No line before the one holding "Las importaciones de" is wanted; restate word for word that line and all lines after it to the end of the entries, excluding pictures.

------ Input data

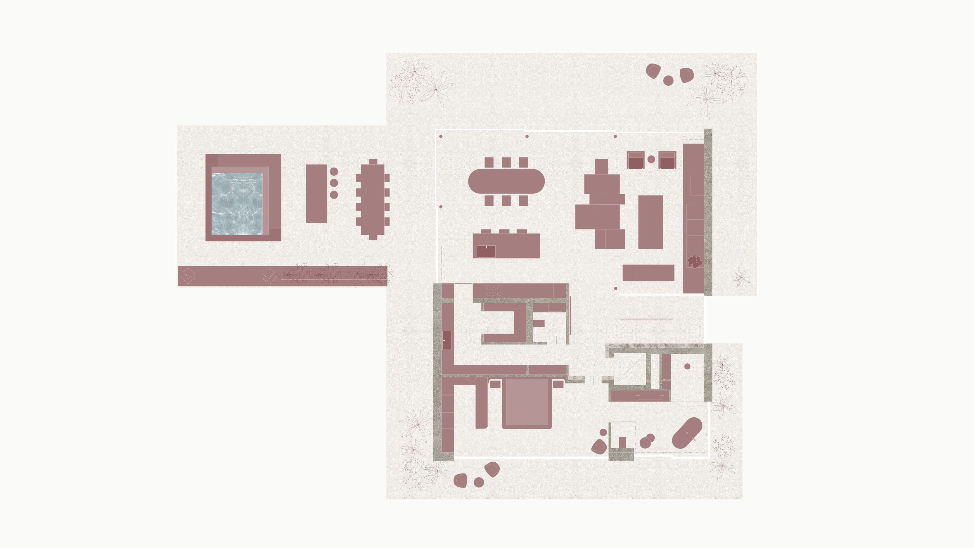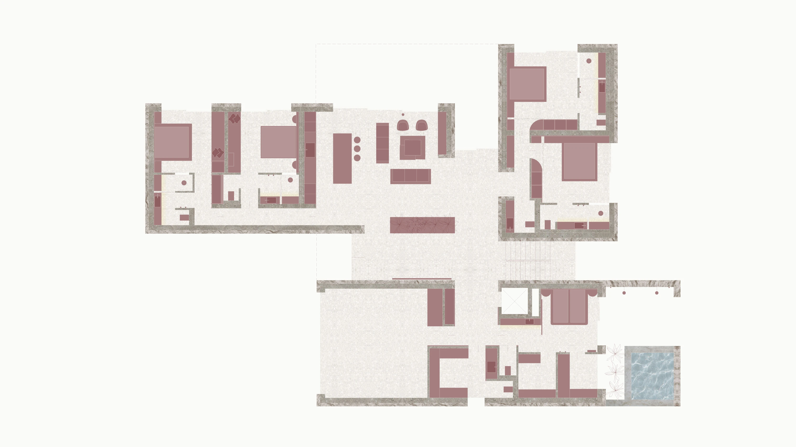Für ein Projekt von Atelier Architekt Palme gestalten wir das Interior einer großzügigen Villa auf Mallorca. Der Entwurf sieht vier Gästezimmer sowie einen separaten Schlafbereich für den Eigentümer vor – jeweils mit direktem Zugang zu Bad und Garderobe. Ergänzt wird das Raumprogramm durch einen Wellnessbereich mit Sauna und Außenraum, Heimkino, Fitnessraum, Weinkeller und Bar. Zwei Wohnküchen auf unterschiedlichen Ebenen strukturieren das Haus funktional: Im Erdgeschoss befindet sich ein offener Wohnbereich für Gäste – mit direktem Bezug zum Garten. Im Obergeschoss dient ein zweiter, großzügiger angelegter Wohnbereich als zentraler Raum des privaten Rückzugs für den Eigentümer.
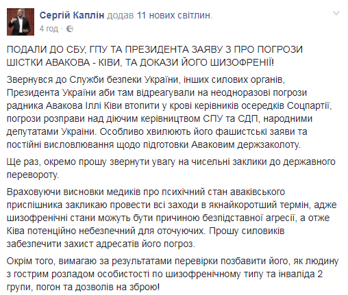 "Обратился в Службу безопасности Украины, другие силовые органы, к президенту Украины, чтобы там отреагировали на неоднократные угрозы советника Авакова Ильи Кивы утопить в крови руководителей ячеек Соцпартии, угрозы расправы над действующим руководством СПУ и СДП, народными депутатами Украины. Особенно волнуют его фашистские заявления и постоянные высказывания по подготовке Аваковым госпереворота. Еще раз, отдельно прошу обратить внимание на многочисленные призывы к государственному перевороту. Учитывая выводы медиков о психическом состоянии аваковского приспешника призываю провести все мероприятия в кратчайшие сроки, ведь шизофренические состояния могут быть причиной безосновательной агрессии, а следовательно, Кива потенциально опасен для окружающих. Прошу силовиков обеспечить защиту адресатов от его угроз. Кроме того, требую по результатам проверки лишить его, как человека с острым расстройством личности по шизофреническом типа и инвалида 2 группы, погон и разрешений на оружие", - написал нардеп.
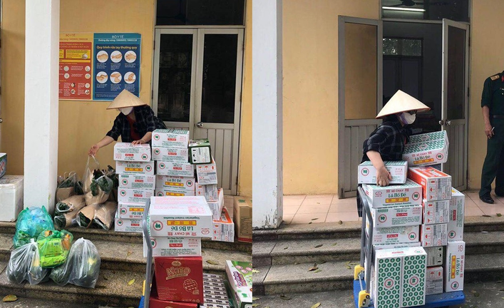Con trai đang cách ly nhưng người mẹ không tiếp tế mà mang hàng chục thùng mì, rau xanh và hoa quả ủng hộ các chiến sĩ, đội ngũ y tế đang công tác tại khu cách ly.
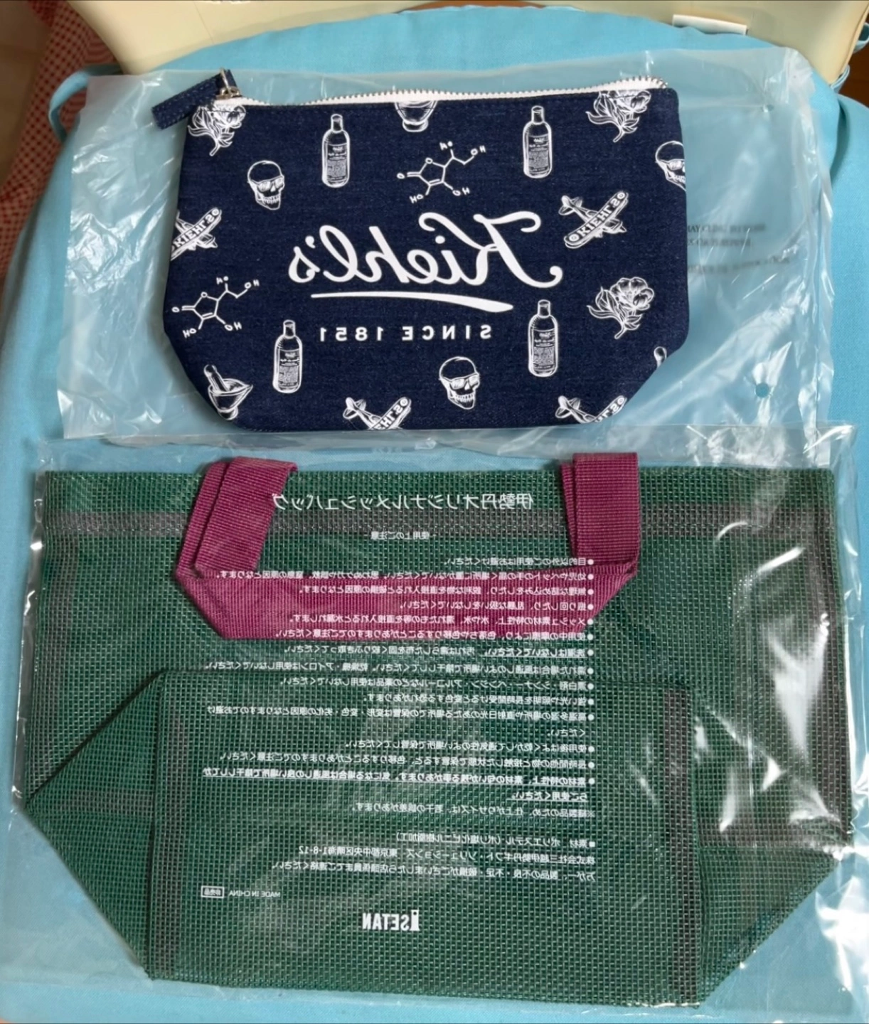◉伊勢丹オリジナルメッシュバッグです。 新品未開封です。 ポリエステル製のエコバッグ、広めのマチで使いやすそうです。 - ブランド: 伊勢丹 - 素材: ポリエステル - サイズ: タテ20×ヨコ32×マチ12cm(持ち手含みません) - 色: 緑×赤紫 ◉Kiehl's キールズ ポーチ 新品未使用です。 デニム生地にKiehl'sのデザインが施されたポーチ。 - ブランド: Kiehl's - デザイン: デニム生地に印刷されたスカル、ボトル、飛行機などのイラスト - ファスナー: 金属製のジッパー - サイズ: (約)縦10cm 横21cm マチ6cm 自宅保管品にご理解のある方のご購入をお待ちいたしております。
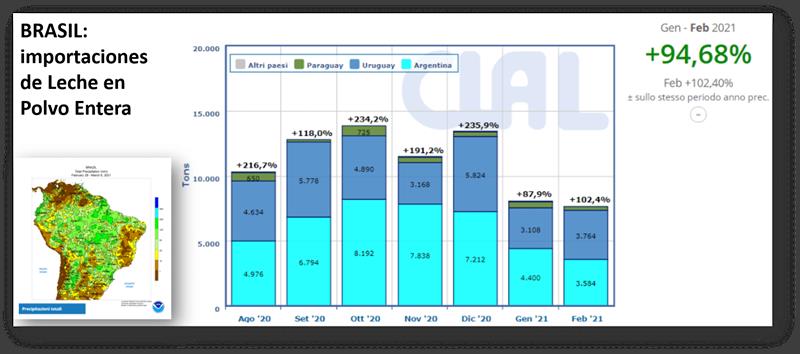 Las importaciones de leche en polvo de Brasil continúan aumentando a un ritmo rápido. En el período enero - febrero registró variaciones de + 94,7% para el LPE y + 101,6% para el LPD, respecto al mismo período del año anterior.
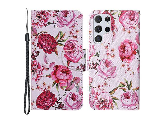 Samsung Galaxy S22 Ultra 5G - Læder cover / pung - Printet Design - Peony
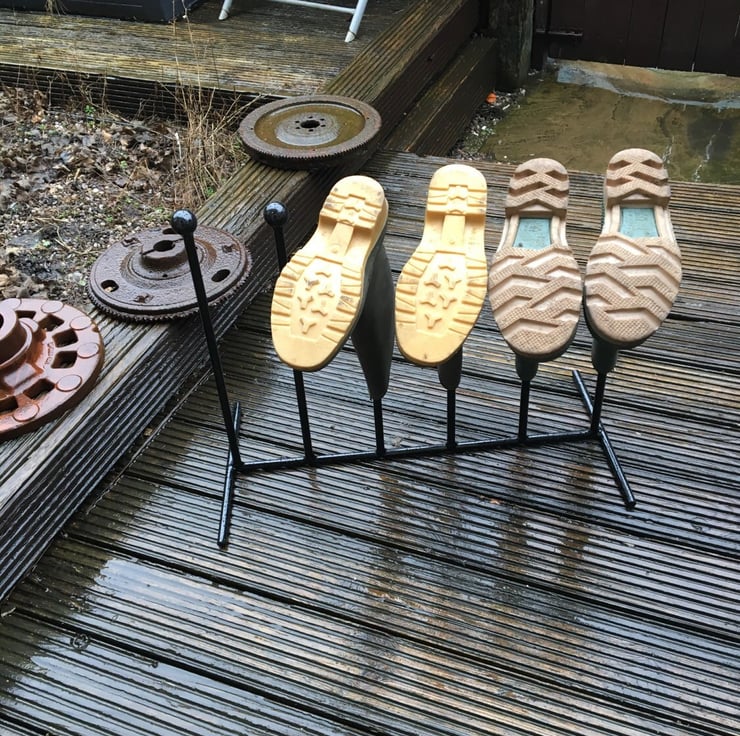 WROUGHT IRON WELDED 3 PAIR WELLINGTON BOOT RACK Handmade rack comes in a traditional wrought iron black painted finish. Stoutly made welded together as one piece from 12mm solid iron bar topped with a 30mm solid iron ball, standing 47cm 18 12" high 57cmwide and 28cm 11" deep. It is designed for 3pairs please ask for price if require made to hold more or less pairs 23456 as can be made to any size needed.
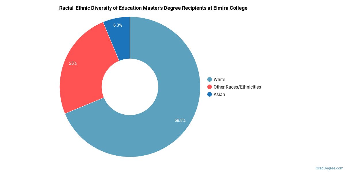 Of the students who received a education master's degree from Elmira, 69% were white. This is above average for this degree on the natiowide level.
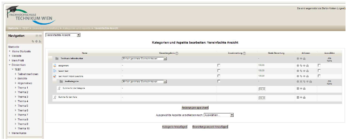 In Abb.5 sehen Sie die „Vereinfachte Ansicht“ für Kategorien und Aspekte. Über den Button „Kategorie hinzufügen“ können Sie eine neue Kategorie anlegen und die Berechnungsmethode für die Note wählen.
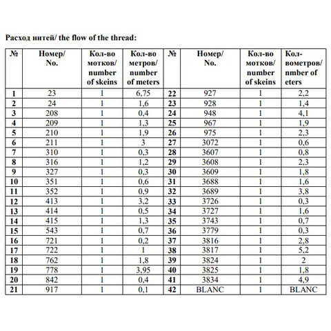 • Количество в соответствии с расходом: В наборе представлено необходимое количество нитей каждого цвета, рассчитанное на основе рекомендаций автора схемы.

------------

Response to this task:
 Las importaciones de leche en polvo de Brasil continúan aumentando a un ritmo rápido. En el período enero - febrero registró variaciones de + 94,7% para el LPE y + 101,6% para el LPD, respecto al mismo período del año anterior.
 Samsung Galaxy S22 Ultra 5G - Læder cover / pung - Printet Design - Peony
 WROUGHT IRON WELDED 3 PAIR WELLINGTON BOOT RACK Handmade rack comes in a traditional wrought iron black painted finish. Stoutly made welded together as one piece from 12mm solid iron bar topped with a 30mm solid iron ball, standing 47cm 18 12" high 57cmwide and 28cm 11" deep. It is designed for 3pairs please ask for price if require made to hold more or less pairs 23456 as can be made to any size needed.
 Of the students who received a education master's degree from Elmira, 69% were white. This is above average for this degree on the natiowide level.
 In Abb.5 sehen Sie die „Vereinfachte Ansicht“ für Kategorien und Aspekte. Über den Button „Kategorie hinzufügen“ können Sie eine neue Kategorie anlegen und die Berechnungsmethode für die Note wählen.
 • Количество в соответствии с расходом: В наборе представлено необходимое количество нитей каждого цвета, рассчитанное на основе рекомендаций автора схемы.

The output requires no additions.